CONAKRY-Le nouveau président élu, Alpha Condé a promis lundi de former un gouvernement qui regroupe "toutes les composantes de la nation". Alpha Condé envisage de lutter contre l'impunité, de "neutraliser les extrémistes" qui menacent la paix sociale dans le pays. Dans cette interview, le nouveau président nous livre ses priorités à la tête du pays...

RFI: Monsieur le Président vous venez d’être confirmé comme premier président démocratiquement élu de la Guinée qui a une histoire très longue, très douloureuse qui est dans un état assez catastrophique. C’est pas un peu vertigineux toutes ses responsabilités qui s’ouvrent à vous?

Président Alpha Condé :
Non parce que cela fait un moment que je mène ce combat pour la démocratie en Guinée. Je suis conscient que tous les problèmes auxquels la Guinée est confrontée. Mais je suis conscient de la détermination et de la volonté de changement du peuple de Guinée qui est déterminé à prendre son destin en main.

Vous avez fait campagne et vous êtes élu sur le thème du changement. Mais ce changement il passe par quoi en priorité demain ?

Le changement passe d’abord par la lutte contre l’impunité. Parce que c’est l’impunité qui est à la base de l’essentiel de nos problèmes. Ensuite, ce changement passe par la lutte contre la corruption. Donc le changement, c’est la rupture avec toute la gestion passée pour mettre fin à la dilapidation, à l’absence de l’Etat, de l’administration, de la justice …Le changement consiste à rebâtir une nouvelle Guinée sur tous les plans.

Concrètement, quelle mesure phare vous prendrez ?

J’ai déjà pris deux mesures. D’abord, j’ai dis que les femmes enceintes et les nourrices n’auront plus à payer les frais médicaux. Ensuite, je supprime l’impôt de capitation qui pèse inutilement sur les paysans. Je l’avais promis et ce sont deux mesures que je viens de prendre. Ensuite, nous devons lancer de grands projets agricoles, parce que la Guinée, c’est plus un scandale agricole que géologique. Il nous faut relancer l’économie, faire participer l’armée aux activités économiques…Mais ce que les Guinéens demandent surtout, c’est l’eau et l’électricité, la nourriture.

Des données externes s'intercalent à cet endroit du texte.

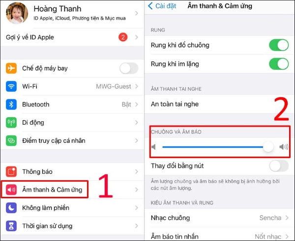 Người dùng mở vào Cài đặt trên iOS > Chọn Âm thanh & Cảm ứng > tiến hành tăng âm lượng ở phần Chuông & Thông báo bằng cách kéo thanh trượt âm lượng đến mức phù hợp là được.
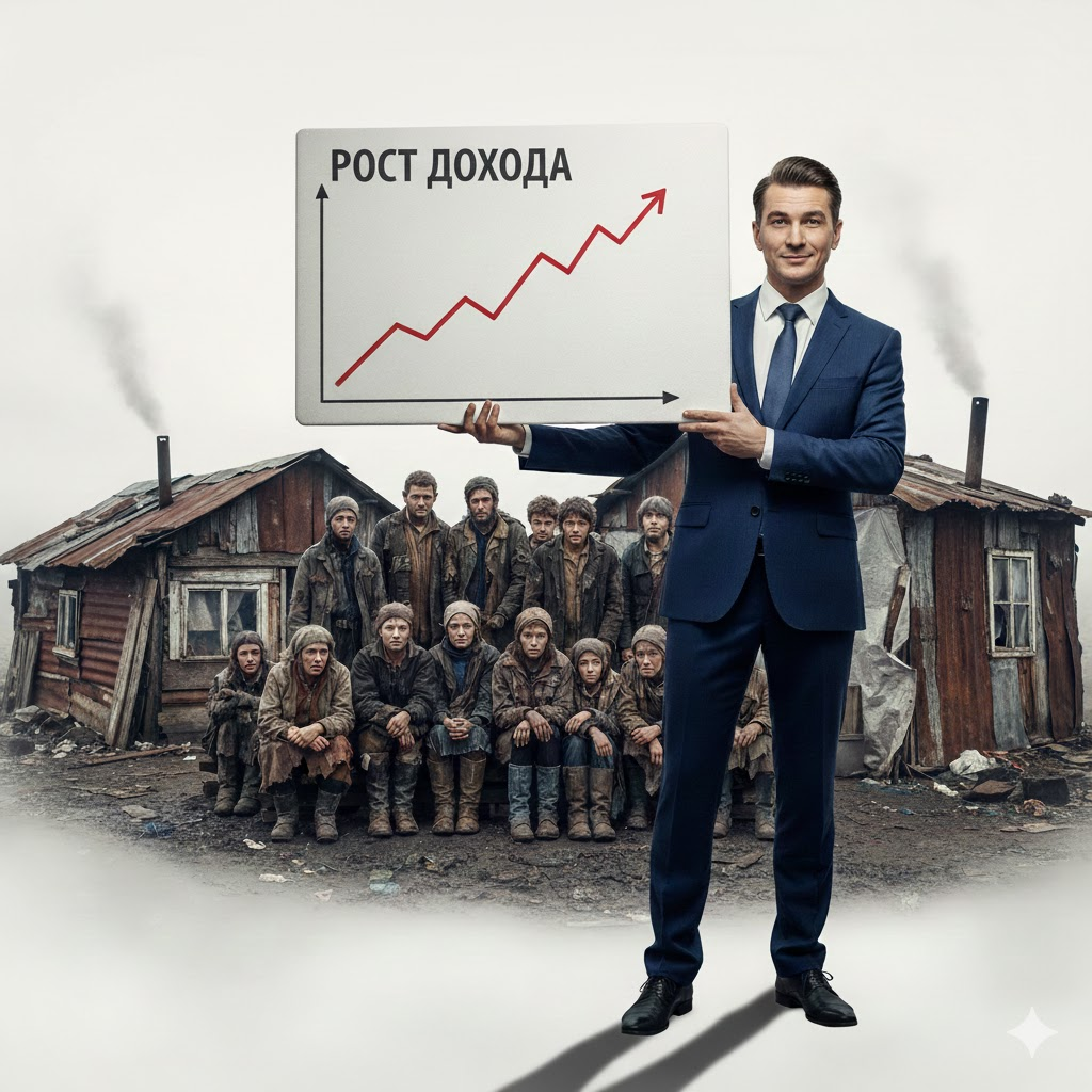 Вы сидите на кухне. Последний чек из магазина с тремя пакетами скромной провизии вызывает легкую панику. Родители в регионе рассказывают, как закрылась «единственная нормальная поликлиника». А потом вы включаете телевизор или открываете официальный отчет. И там — мажорный аккорд: «Экономика растет! Бедность сокращается! Благосостояние повышается!»
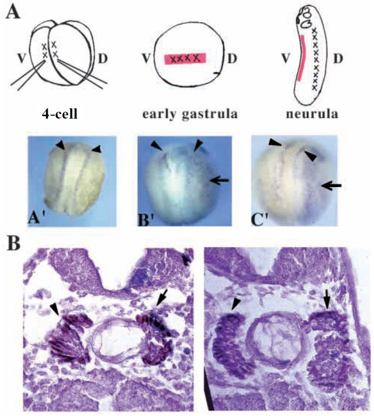 the injected (arrow) and uninjected (arrowhead) side of each embryo

Monsieur le Président, après la proclamation des résultats provisoires il y a eu un certain nombre de violences qui ont nécessité l’imposition de l’état d’urgence avec un couvre feu nocturne. Est-ce que vous pensez que les Guinéens sont plus divisés aujourd’hui qu’ils ne l’étaient avant cette campagne électorale ?

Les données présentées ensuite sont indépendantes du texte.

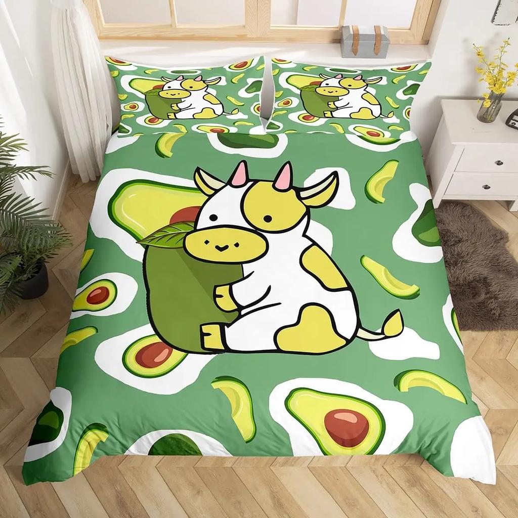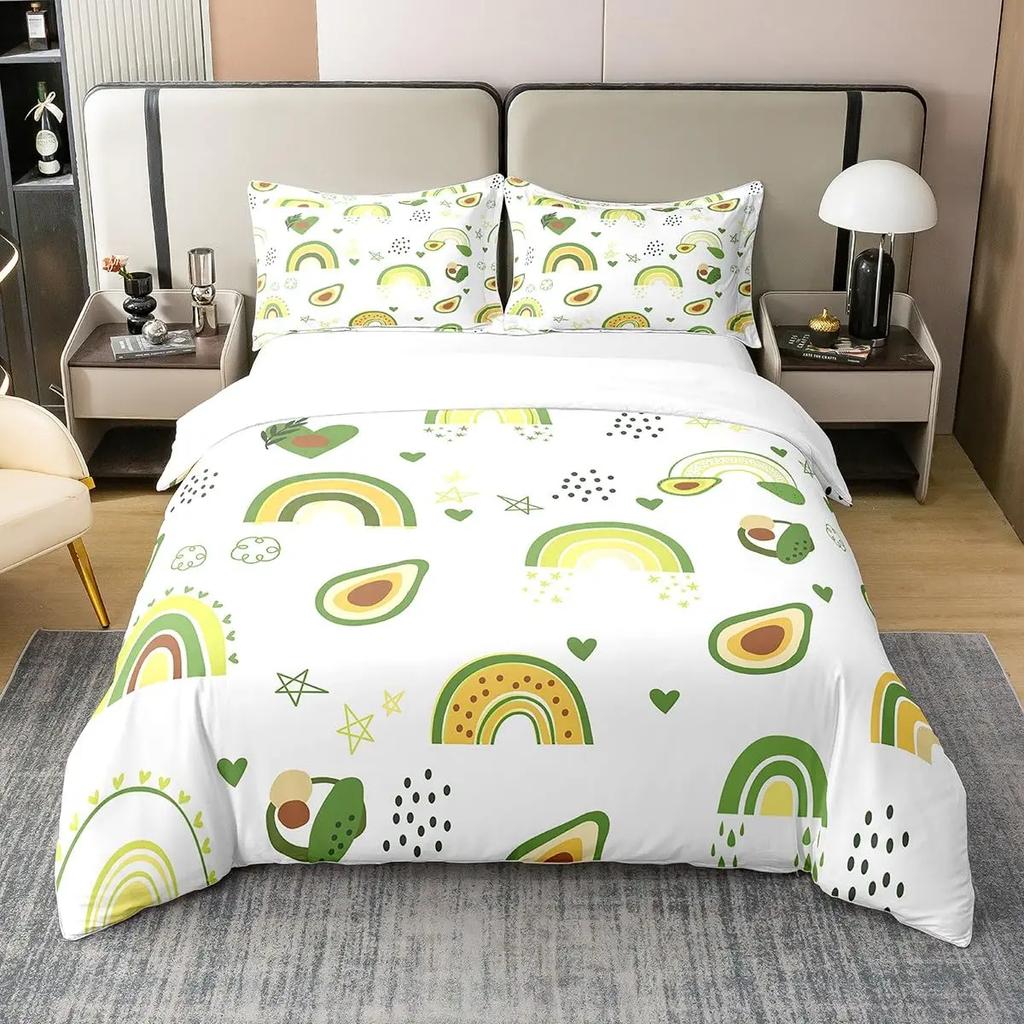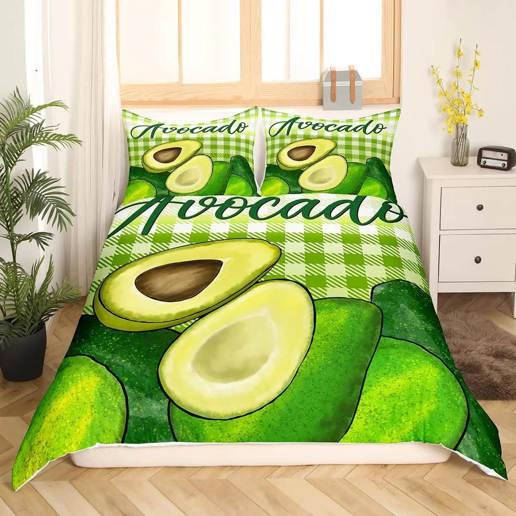 Комплект постельного белья с фруктами, милый мультяшный декор в виде авокадо, комплект из 3 предметов постельного белья с 2 наволочками, размер Queen King, полный размер, цвет паприка зеленый

Non vous savez, il y a l’instrumentalisation et l’amplification par les médias. Il ne faut pas oublier que la Guinée a été le seul pays francophone qui a pu voté « non » en 1958 (Ndlr : Lors du référendum sur l’indépendance des colonies françaises) comme un seul peuple. Des pays comme le Niger ou le Sénégal avaient échoué. Ce vote reflète une certaine unité. Mais disons qu’aujourd’hui il y a une instrumentalisation des populations, mais aussi une amplification par les médias. Par exemple, on présente comme un affrontement entre les malinkés et les peulhs, mais quatre communes de Conakry sur cinq ont voté pour moi et qui n’étaient pas des malinkés. J’ai gagné toutes les préfectures de la basse côte à part Boké, toutes les préfectures de la forêt. Donc pourquoi ramener à ce jeu ethnique ? Il y a aussi une mobilisation qui s’est faite non pas contre une ethnie, mais contre des gens qui détiennent le monopole économique et qui rendent la vie très chère. Il y a une révolte de la population contre le comportement de ces hommes d’affaires. Et surtout malheureusement, la plupart de ces hommes d’affaires soutenaient le camp d’en face (l’alliance de Cellou Dalein Diallo, Ndlr).Vous savez , après le premier tour, on avait dit qu’il y aurait des affrontements, mais il n’y a pas eu d’incidents. Au deuxième tour, il y a des extrémistes qui veulent pousser à l’affrontement, mais vous verrez que les choses se passeront dans le calme, parce que les extrémistes seront vite neutralisés.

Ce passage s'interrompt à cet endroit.